Interbody cages are generally used with posterior instrumentation systems; in clinical procedures, posterior instrument failures are observed more than cage failures [14]. In another FEM study, Zhong et al. used a titanium cage and subjected the lumbar spine to 10 Nm flexion, extension, torsion, and lateral bending moment with 150 N axial preload. At these loading conditions, the stress values on the posterior instruments in flexion, extension, bending, and rotation were 73.4 MPa, 61 MPa, 77.3 MPa, and 96.1 MPa, respectively. In the current study, the K2 model’s axial preload was 400 N, and the moment was 6 Nm for each mode of loading. The stress values on the posterior instruments on flexion, extension, bending, and rotation were 48.8 MPa, 33.9 MPa, 46 MPa, and 63.6 MPa, respectively. Compared to the current study, the loading conditions were different in Zhong et al.’s study in terms of higher moment and lower axial preload. Although the loading conditions were different in the aforementioned two studies, the stress values that were compared in the posterior elements turned out to be lower in the K2 model. These data suggest that the A/W bioceramic composite cage can carry enough load at the anterior part of the spine and can support stabilization well.

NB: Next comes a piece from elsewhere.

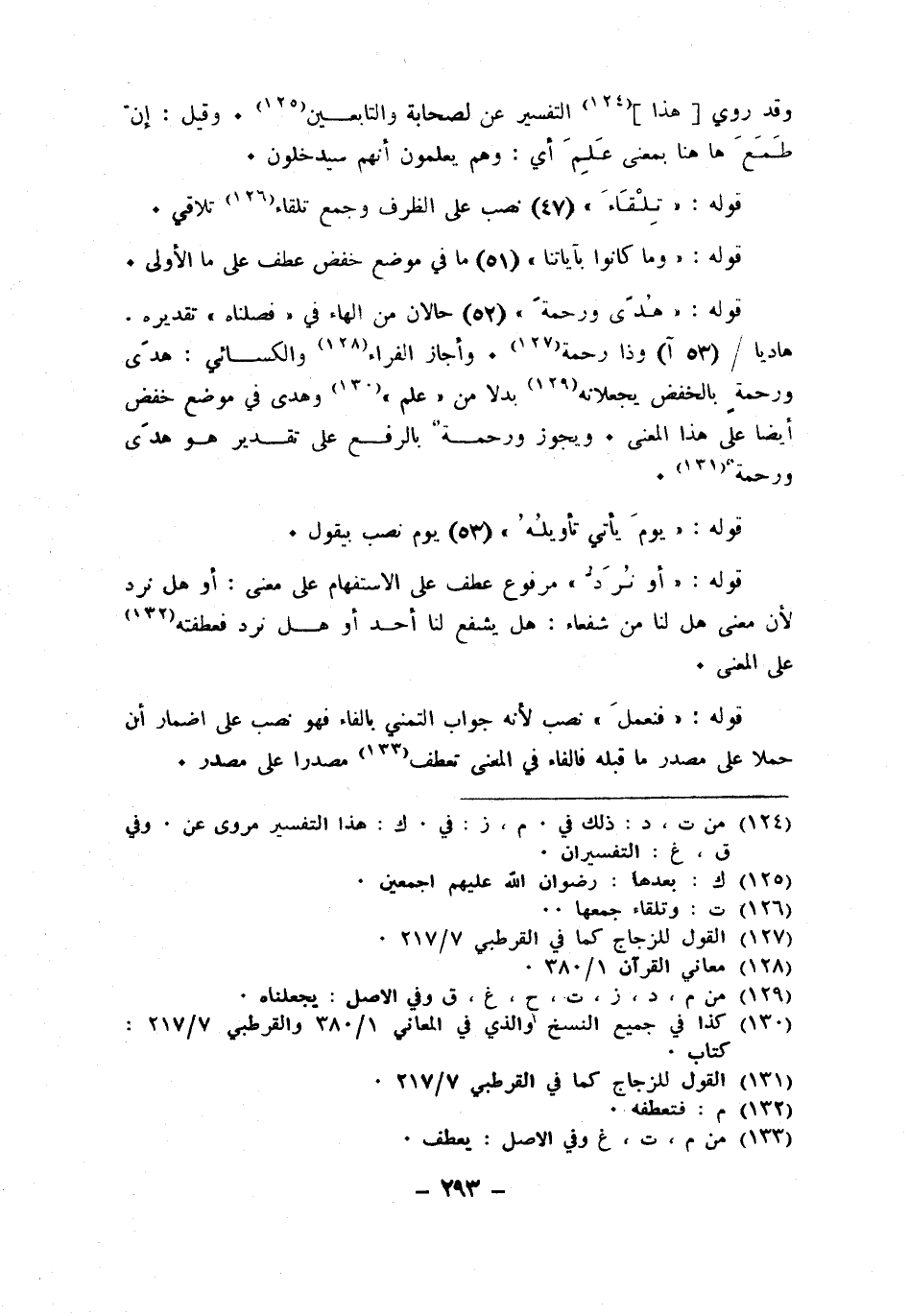 قَوْله {هدى وَرَحْمَة} حالان من الْهَاء فِي فصلناه تَقْدِيره هاديا وَذَا رَحْمَة وَأَجَازَ الْفراء وَالْكسَائِيّ هدى وَرَحْمَة بالخفض يجعلانه بَدَلا من علم وَهدى فِي مَوضِع خفض أَيْضا على هَذَا الْمَعْنى وَيجوز وَرَحْمَة بِالرَّفْع على تَقْدِير هُوَ هدى وَرَحْمَة

After the compression of the three processed cages, the mean failure value was 4.6 kN in the axial loading. We believe that the different biomechanical performances may have been due to microfractures that had occurred during the cage process. These differences will not be observed if these cages are fabricated via moulding.

A K2 cage compression test was also simulated with FEM. In this test, the axial load applied was 5 kN, which was close to the mean value (4.6 kN) of the real test. The stress values were in the range of 80–100 MPa at the centre. We thought that, by increasing the axial load, the stress would have increased and we would have observed the failure of the cage. A comparison between the real test and the FEM test found that they were concordant. Although the FE model that was used in the current study utilized literature-derived material properties, the main limitation of our study is that experimental validation of the FEM is lacking. Another limitation of our study is not to perform cycling loading and impact tests to define the material properties of A/W bioceramic. Our aim was to produce a prototype A/W bioceramic cage for spinal fusion. For this purpose, we tested A/W bioceramic cage with FEM. However, in order to define the material properties and validate the FEM, we only performed biomechanical compression tests. We would conduct advanced biomechanical analyses including cyclic loading and impact tests in the future studies.

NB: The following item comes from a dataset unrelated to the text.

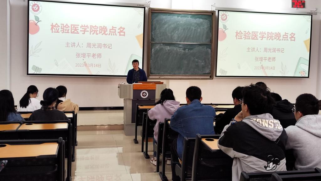 2023年3月14日下午16:00,永利3044集团官网在新蒲校区第三教学楼第十七阶梯教室开展了本学期第二次晚点名,检验医公司党委书记周光润、辅导员张增平及2022级全体员工参加晚点名。

In conclusion, the FEM simulation has the advantage of demonstrating the relationship and mechanism between implant and related spinal segments. The A/W bioceramic composite is a bioactive and compatible material that can effectively be used for interbody fusion. We must also keep in mind that the design of the cage plays a crucial role (in addition to its material properties) for achieving stable fusion. Although the K2 bioceramic composite cage model was found to have favorable biomechanical performance, animal studies must be conducted to elucidate the optimal and final design for this cage.

Ethical Approval

Our study is a biomechanical and FEM study. So there was no need for the approval of an ethical committee.

Conflicts of Interest

The authors declare that they have no conflicts of interest.

Acknowledgments

The authors would like to thank Emir Birant for preparing the FEM simulations. Support for this research has been provided by the Gazi University Scientific Research Fund and Turkish Society of Orthopaedic Surgery and Traumatology.